The next morning it was if the situation was reveresed. All autoupdates on my machine are turned off. Adobe always says to upgrade everything (in all honesty that has never worked for me in the past, but I did it anyway). Nothing changed.

One more clue: when loading photos in Bridge they do look OK for a while, but after 4 seconds or so they become saturated again. The jpgs continue to look flat. The same goes for loading the photos into Lightroom.

I have recently upgraded to High Sierra, and reinstalled all my software. Everything stays the same now.

Adobe tech support has been limited and we have been spinning around in circles for weeks. Has anyone else had this issue and found a solution?
 
Raw files have a JPEG embedded inside of them, created by the camera and using the camera’s JPEG settings. It is what you see when you view the raw on the back of the camera.

Bridge will pull up those embedded preview JPEGs when you first load the raw into your computer.

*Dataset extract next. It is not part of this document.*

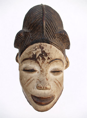 Masque Punu, Gabon. Hauteur: 30 cm. Ne portant pas de trous de fixation, ce masque, sculpté dans la masse, était probablement destiné à une case ou à un autel.

Eventually, the Adobe software will automatically re-render the image, and from then on you’ll see that in Bridge.

The Adobe rendering of Sony raw files will never exactly match Sony JPEGs, but you can try adjusting your settings.
 
....Eventually, the Adobe software will automatically re-render the image, and from then on you’ll see that in Bridge.

The Adobe rendering of Sony raw files will never exactly match Sony JPEGs, but you can try adjusting your settings.
Thank you for the support Mark!

I realize that they look different, but my question is "Why are my RAW files now really dark and saturated all the time, and jpgs washed out and flat? It used to be the opposite, and I am not aware of why this changed".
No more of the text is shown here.